La volonté, il en faudra pour réduire les inégalités, répartir différemment les richesses.
La volonté il en faudra pour réussir la transition énergétique.
Mais la volonté il en faudra surtout pour réformer la finance,
pour désigner les responsables, affronter les coupables
et mettre un terme aux dérives de l'argent
.

(...)
Mon véritable adversaire, il n'a pas de nom, pas de visage, pas de parti,
il ne présentera jamais sa candidature,
il ne sera jamais élu et pourtant il gouverne.
Cet adversaire, c'est le monde de la finance
.


Un an plus tard, M. Hollande se retrouvait ligoté et muselé
par ce monde-là, celui de la finance (telle est ma lecture).

Quatre ans plus tard, M. Macron, provenant du monde de la finance,
a pris les rênes du pays, officiellement.


mercredi 4 octobre 2017

Normes sociale et individuelle

Mariage : union entre une femme (symbole -) et un homme (+).
La finalité, l’un des objectifs majeurs du mariage, consiste en la procréation ;
et ce, quels que soient les goûts, mœurs, sexuels de chacun,
avant, pendant et après, le mariage du couple (-) et (+).

Je rappelle que le mariage est une institution sociale.
Une institution sociale règle le fonctionnement de la communauté,
en édictant des normes comportementales, des droits et des interdits.
Le mariage en tant que symbole n’est donc pas une affaire personnelle.

Le mariage devient affaire individuelle du fait que chacun se retrouve,
à un moment ou l'autre, devant le choix de se marier ou non.

En prenant les mathématiques comme métaphore :
un mariage est l’union officielle d’un (-) et d’un (+).
Il en est ainsi depuis avant Mathusalem.

Essayez donc de produire de l’électricité avec deux charges + (ou -).

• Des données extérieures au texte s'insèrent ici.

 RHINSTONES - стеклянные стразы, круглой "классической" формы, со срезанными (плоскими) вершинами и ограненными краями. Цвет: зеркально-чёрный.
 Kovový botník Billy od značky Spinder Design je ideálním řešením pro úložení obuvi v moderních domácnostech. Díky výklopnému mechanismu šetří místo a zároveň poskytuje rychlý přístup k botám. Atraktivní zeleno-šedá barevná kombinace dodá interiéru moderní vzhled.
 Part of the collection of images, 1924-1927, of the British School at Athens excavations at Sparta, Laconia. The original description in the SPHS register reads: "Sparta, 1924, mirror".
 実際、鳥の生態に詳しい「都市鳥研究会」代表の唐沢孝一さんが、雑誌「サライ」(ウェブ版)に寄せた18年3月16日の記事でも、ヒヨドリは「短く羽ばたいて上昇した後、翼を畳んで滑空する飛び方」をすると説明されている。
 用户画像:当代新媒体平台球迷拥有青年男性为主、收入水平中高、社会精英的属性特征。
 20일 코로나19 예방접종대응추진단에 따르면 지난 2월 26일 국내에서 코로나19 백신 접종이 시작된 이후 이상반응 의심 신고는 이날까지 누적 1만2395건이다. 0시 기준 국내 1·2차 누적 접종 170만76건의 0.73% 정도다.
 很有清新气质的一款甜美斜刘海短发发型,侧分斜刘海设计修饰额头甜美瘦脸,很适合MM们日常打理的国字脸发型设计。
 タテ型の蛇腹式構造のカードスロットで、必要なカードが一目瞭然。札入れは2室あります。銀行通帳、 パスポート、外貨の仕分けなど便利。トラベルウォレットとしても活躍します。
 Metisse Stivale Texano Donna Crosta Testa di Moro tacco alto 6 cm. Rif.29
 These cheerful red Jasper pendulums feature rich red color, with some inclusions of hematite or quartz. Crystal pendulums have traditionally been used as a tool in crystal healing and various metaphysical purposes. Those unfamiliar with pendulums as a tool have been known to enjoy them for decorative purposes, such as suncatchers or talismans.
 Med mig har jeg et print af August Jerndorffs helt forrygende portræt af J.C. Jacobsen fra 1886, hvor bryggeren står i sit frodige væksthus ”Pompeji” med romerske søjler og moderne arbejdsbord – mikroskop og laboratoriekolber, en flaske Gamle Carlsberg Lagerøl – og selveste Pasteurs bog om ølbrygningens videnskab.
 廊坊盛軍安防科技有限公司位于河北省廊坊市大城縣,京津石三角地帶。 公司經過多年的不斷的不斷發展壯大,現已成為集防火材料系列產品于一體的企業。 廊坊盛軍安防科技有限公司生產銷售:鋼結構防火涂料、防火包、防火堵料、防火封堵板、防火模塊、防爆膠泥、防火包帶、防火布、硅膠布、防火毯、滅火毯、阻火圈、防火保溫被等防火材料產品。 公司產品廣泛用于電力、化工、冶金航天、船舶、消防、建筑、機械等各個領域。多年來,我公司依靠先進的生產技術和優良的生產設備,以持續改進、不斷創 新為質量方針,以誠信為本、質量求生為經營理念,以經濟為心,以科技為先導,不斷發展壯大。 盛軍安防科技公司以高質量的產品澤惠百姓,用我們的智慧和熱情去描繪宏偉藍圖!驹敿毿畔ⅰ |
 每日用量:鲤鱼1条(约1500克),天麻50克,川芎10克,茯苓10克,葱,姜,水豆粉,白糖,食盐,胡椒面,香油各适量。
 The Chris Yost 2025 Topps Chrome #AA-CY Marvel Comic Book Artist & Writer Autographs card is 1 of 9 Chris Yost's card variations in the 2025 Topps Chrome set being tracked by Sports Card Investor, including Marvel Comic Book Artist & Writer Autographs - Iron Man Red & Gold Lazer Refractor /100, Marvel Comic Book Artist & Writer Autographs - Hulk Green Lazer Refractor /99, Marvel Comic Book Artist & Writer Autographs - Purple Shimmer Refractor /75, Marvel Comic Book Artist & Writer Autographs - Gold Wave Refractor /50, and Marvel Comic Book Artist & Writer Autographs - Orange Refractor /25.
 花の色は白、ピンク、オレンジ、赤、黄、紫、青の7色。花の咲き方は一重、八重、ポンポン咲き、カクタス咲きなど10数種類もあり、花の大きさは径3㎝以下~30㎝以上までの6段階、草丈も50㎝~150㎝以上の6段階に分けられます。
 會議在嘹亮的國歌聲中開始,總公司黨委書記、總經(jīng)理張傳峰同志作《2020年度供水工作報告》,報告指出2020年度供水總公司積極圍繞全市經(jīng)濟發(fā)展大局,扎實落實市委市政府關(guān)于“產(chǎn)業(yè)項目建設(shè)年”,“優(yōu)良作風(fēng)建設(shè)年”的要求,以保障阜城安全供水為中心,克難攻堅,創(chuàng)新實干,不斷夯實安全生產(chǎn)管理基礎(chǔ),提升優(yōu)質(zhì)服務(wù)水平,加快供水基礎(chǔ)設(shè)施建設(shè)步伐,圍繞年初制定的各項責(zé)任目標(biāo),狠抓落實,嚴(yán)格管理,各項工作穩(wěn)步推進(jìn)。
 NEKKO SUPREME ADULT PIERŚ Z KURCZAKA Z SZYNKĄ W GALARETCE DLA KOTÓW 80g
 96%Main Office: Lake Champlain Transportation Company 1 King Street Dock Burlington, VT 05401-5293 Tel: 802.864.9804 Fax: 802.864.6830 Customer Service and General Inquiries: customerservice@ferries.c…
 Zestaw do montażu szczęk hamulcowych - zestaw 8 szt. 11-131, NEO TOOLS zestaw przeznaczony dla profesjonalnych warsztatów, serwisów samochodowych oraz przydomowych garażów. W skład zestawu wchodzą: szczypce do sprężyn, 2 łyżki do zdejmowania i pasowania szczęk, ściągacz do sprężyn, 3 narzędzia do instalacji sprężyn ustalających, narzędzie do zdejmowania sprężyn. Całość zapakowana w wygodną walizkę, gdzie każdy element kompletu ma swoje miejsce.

Chacun vit comme il le souhaite (est-il ressorti des commentaires), oui,
mais chacun de se référer aux institutions sociales puisqu’elles font office d’autorité
(par exemple : les homos pouvaient être poursuivis en justice, avant 1990).
Lorsque, il y a à peine une vingtaine d’années, l’homosexualité était considérée
comme une pathologie mentale passible d’emprisonnement
et/ou d’un séjour forcé en hôpital psychiatrique,
beaucoup de femmes et hommes entretenaient néanmoins des rapports homosexuels.
Cet interdit ne les en empêchait pas, mais ils encouraient des risques,
en plus de se sentir, souvent, rejetés par leur famille.
La dépénalisation de l’homosexualité est donc, selon moi, un avancement indéniable.
C’était nécessaire, comme le PACSE pour le droit des couples.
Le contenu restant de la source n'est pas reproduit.